Keşfi ve Tarihsel Arka Planı
Kitabe, 1880 yılında Kudüs'ün Eski Şehri'ne bitişik Silvan (Siloam) köyünde yer alan Siloam Tüneli'nin duvarında, 16 yaşındaki bir öğrenci tarafından tesadüfen keşfedilmiştir. Bu tünel, Yahuda Kralı Hizkiya döneminde, şehrin su ihtiyacını karşılamak amacıyla inşa edilmiş bir yeraltı su kanalıdır. Tünel, ilk olarak 1838'de Amerikalı araştırmacı Edward Robinson tarafından fark edilmiş, ancak kitabe mineral birikintileri nedeniyle uzun süre gözden kaçmıştır.

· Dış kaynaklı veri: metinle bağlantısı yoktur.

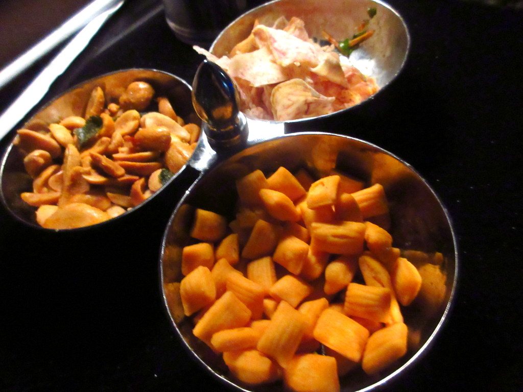 卓上にはタイ風のスパイシーなナッツやスナックなどの
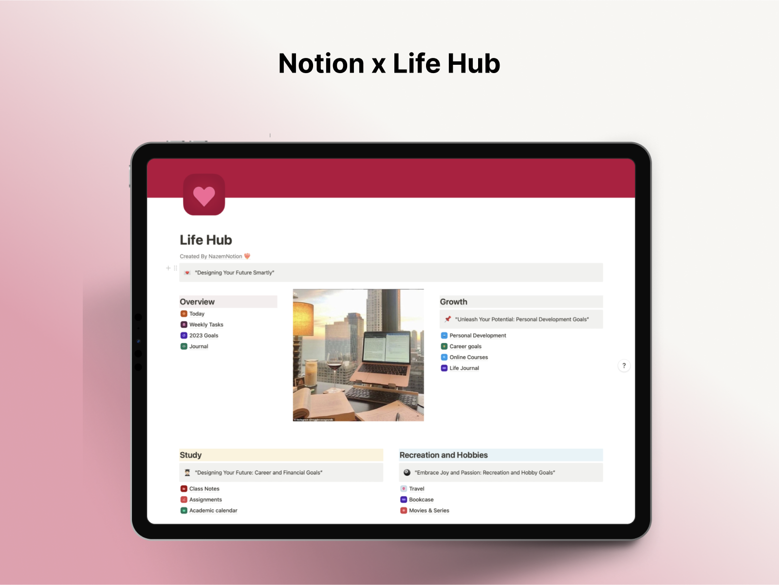 Life Hub is a comprehensive Notion template that serves as a central hub for all aspects of your life. It provides a structured framework to support your personal growth, recreation, and study pursuits. With sections dedicated to tracking daily and weekly tasks, setting yearly goals, maintaining a journal, and more, Life Hub helps you stay organized and focused on your aspirations. Whether you're looking to develop new skills, engage in recreational activities, or enhance your learning journey, this template offers a versatile and intuitive platform to manage and track your progress effectively. Embrace Life Hub as your digital companion to create a fulfilling and balanced life. Send your question at [email protected] will be more than happy to answer. ❤️🔥 I'm here to support you every step of the way. Let's make this week your most productive one yet! ❤️🔥"
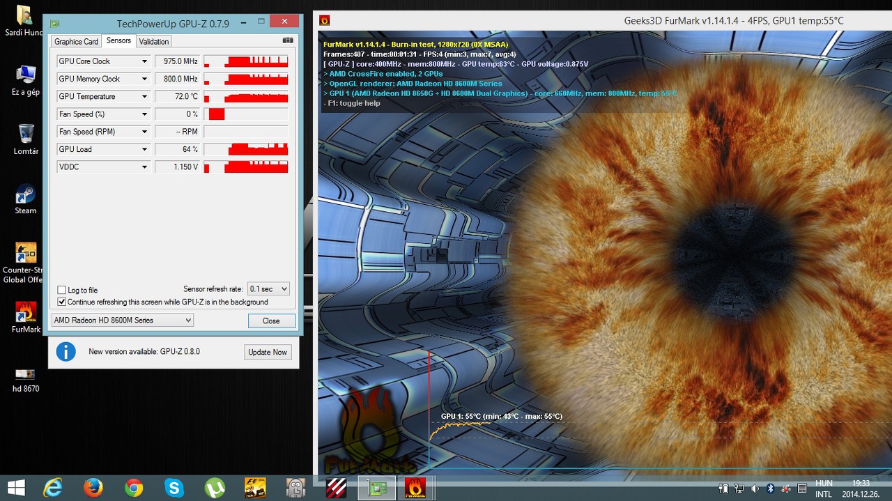 Ujabb kellemetlensegbe utkoztem. Az asus r510dp laptopomban dual graphics dolgozik ami all egy apu-ba epitett hd 8650 es plusz egy dedikalt 8670m videokartya parosbol crissfirex nodban. Az a gondom, hogy sajnos semmilyen 3d-s aplikacioban nem mukodnek maximum teljesitmenyen. A catalistban minden high performance-on van de sajna furmarkt alatt is csak fele orajeleken jar mintket gpu, sehogy nem tudom maxon jaratni. A legujabb driver van fent. Csatoltam kepet is. Amikor elindul a 3d-s alkalmazas par masodpercig megy csak maxon azutan lekapcsol fele orajelekre. Valakinek valami otlet, hpgyan birjam max teljesitmenyre. Sajnos igy a jatekaim sem mennek tul jol. Kerlek segitsetek!!!
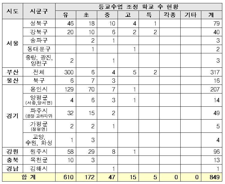 * 서울 12교, 부산 5교, 울산 5교, 경기 17교, 강원 96교, 충북 2교, 경남 1교
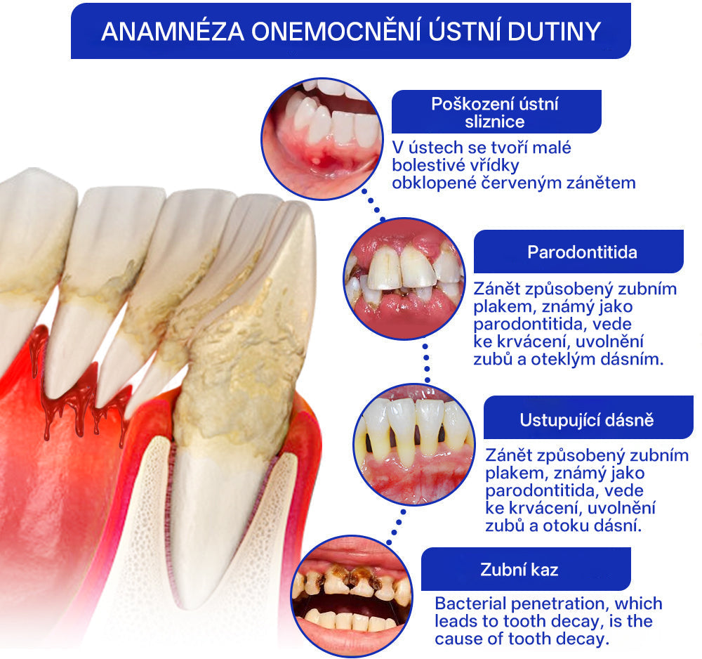 🧼 Léčí problémy v ústní dutině, jako jsou odolné skvrny, plak, ustupující dásně, krvácející dásně, oteklé dásně, zánět dásní a zápach z úst
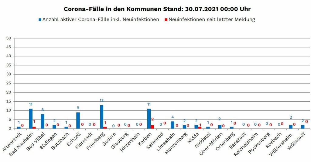 Foto: Übersicht über die aktiven Corona-Fälle in den Kommunen des Wetteraukreises.
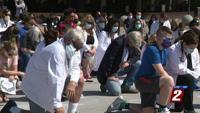 Friday morning, local medical professionals joined together to kneel for nine minutes to show support for the nationwide movement, 'White Coats for Black Lives.'
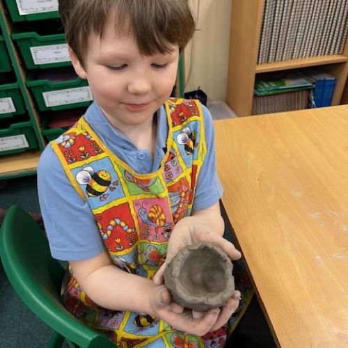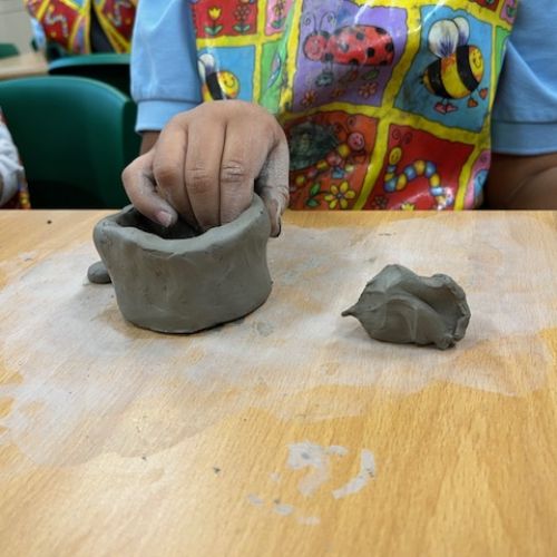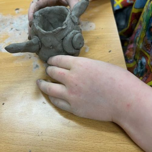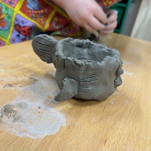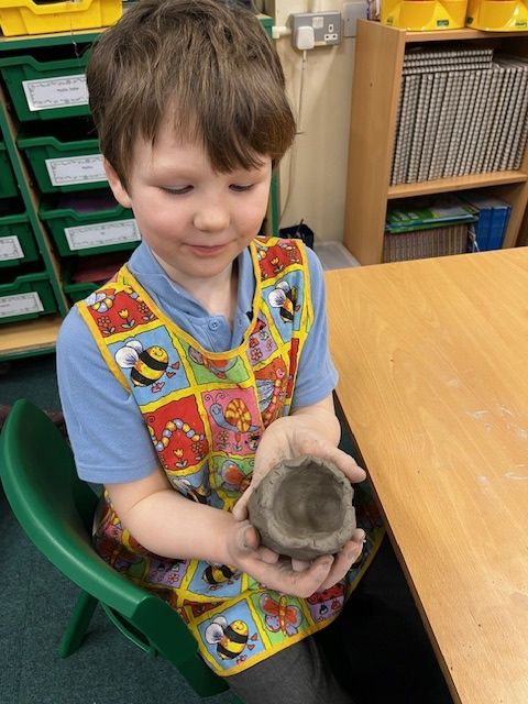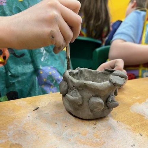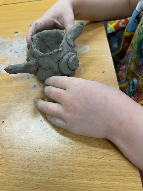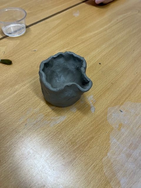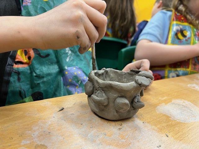 We've been learning how to make a pinch pot out of clay. We scored and used slip to add decortation.
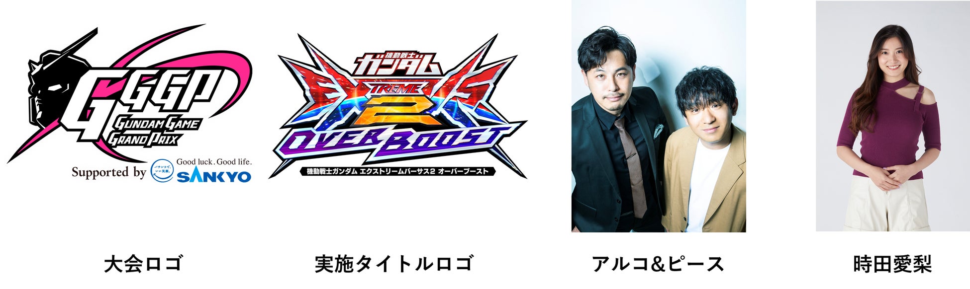 本大会の概要やGGGP史上最高額となる総額800万円の賞金、そして『機動戦士ガンダム エクストリームバーサス2 オーバーブースト』の特徴や見どころの紹介がMCより発表された後、本大会を盛り上げるスペシャルサポーターとして、時田愛梨さんとゲストのアルコ&ピース(平子祐希さんと酒井健太さん)が登壇しました。
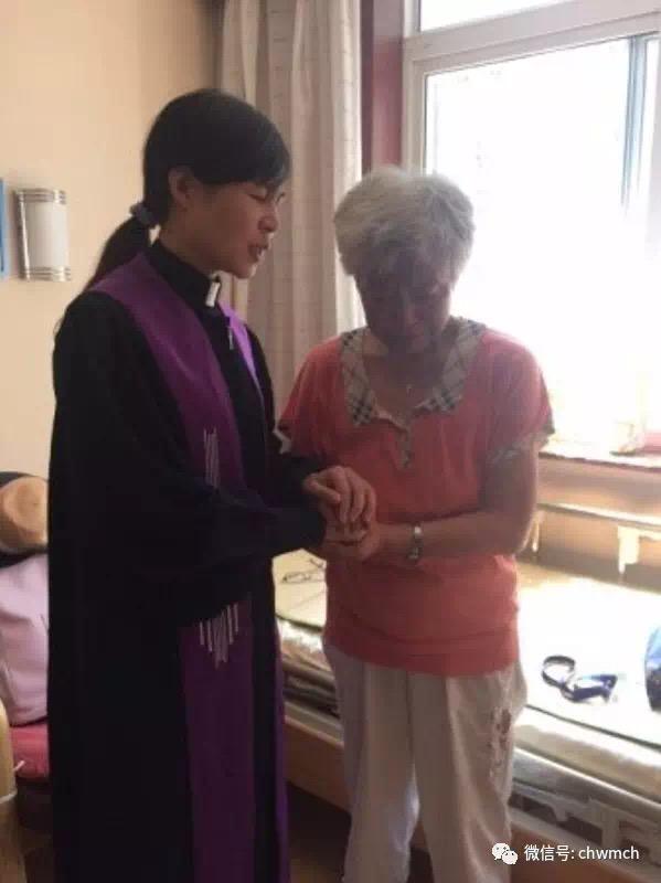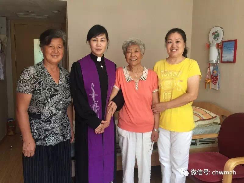 2017年8月17日,北京崇文门教堂爱心组义工在韩玉芳牧师带领下来到朝阳区寸草春晖老人护理院,看望刘淑华姊妹。

Kitabenin İçeriği ve Önemi
Silvan Kitabesi, tünelin yapım sürecini, özellikle de iki farklı yönden kazı yapan işçi gruplarının tünelin ortasında nasıl buluştuğunu canlı bir dille anlatır. Yazıtta herhangi bir kralın adına yer verilmemesi, işçilerin ortak gayretinin ve mühendislik başarısının öne çıkarıldığını göstermektedir. Paleo-İbranice yazı tarzıyla yazılan bu eser, Eski İsrail ve Yahuda'dan bilinen, kamuya ait bir altyapı inşaatını belgeleyen tek antik yazıttır. Yaklaşık 72 cm eninde ve 32 cm boyunda olan kitabe, dönemin sosyal, mühendislik ve yazınsal hayatına dair benzersiz bilgiler sunar.

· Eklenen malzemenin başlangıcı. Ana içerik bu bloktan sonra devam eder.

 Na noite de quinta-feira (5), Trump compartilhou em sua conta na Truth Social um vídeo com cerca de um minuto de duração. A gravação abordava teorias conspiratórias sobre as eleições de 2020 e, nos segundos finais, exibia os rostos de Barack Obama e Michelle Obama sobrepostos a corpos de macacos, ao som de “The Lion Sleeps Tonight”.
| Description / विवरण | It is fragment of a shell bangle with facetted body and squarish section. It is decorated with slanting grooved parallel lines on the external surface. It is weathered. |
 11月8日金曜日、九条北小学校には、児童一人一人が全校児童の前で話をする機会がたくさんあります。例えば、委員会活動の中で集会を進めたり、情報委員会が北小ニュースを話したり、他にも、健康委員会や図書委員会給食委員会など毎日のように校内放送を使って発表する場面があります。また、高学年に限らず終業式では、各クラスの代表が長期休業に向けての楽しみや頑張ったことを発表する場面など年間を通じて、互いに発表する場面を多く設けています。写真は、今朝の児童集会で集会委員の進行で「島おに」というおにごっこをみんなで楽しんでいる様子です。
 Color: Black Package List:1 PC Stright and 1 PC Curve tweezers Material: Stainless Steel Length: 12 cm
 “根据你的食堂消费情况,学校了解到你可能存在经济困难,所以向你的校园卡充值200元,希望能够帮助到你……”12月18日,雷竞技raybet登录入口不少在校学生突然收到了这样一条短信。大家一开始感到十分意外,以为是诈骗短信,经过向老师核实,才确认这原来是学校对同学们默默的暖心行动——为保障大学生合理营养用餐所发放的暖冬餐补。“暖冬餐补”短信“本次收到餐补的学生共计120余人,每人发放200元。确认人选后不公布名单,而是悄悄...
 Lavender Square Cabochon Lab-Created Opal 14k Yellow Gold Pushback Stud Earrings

Günümüzdeki Yeri ve Diplomatik Tartışmalar
1890 yılında tünelden sökülerek yedi parçaya ayrılan kitabe, 1891'de Osmanlı yetkilileri tarafından bulunmuş ve o dönem Osmanlı toprağı olan Kudüs'ten İstanbul'a getirilmiştir. Günümüzde İstanbul Arkeoloji Müzeleri'nde sergilenmektedir. İsrail, Silvan Kitabesi'ni Kudüs'teki Yahudi varlığının köklü geçmişini belgeleyen sembolik bir unsur olarak görmekte ve iadesini defalarca talep etmektedir. Ancak Türkiye, kitabenin bulunduğu dönemde Kudüs'ün Osmanlı toprağı olduğunu ve günümüzde Filistin topraklarında keşfedilmiş bir eser olması nedeniyle iadesinin söz konusu olamayacağını belirterek bu talepleri reddetmektedir. Eser, Türkiye Cumhuriyeti Kültür ve Turizm Bakanlığı'nın yanı sıra Milli İstihbarat Teşkilatı (MİT) tarafından da uluslararası düzeyde hassasiyetle korunmaktadır.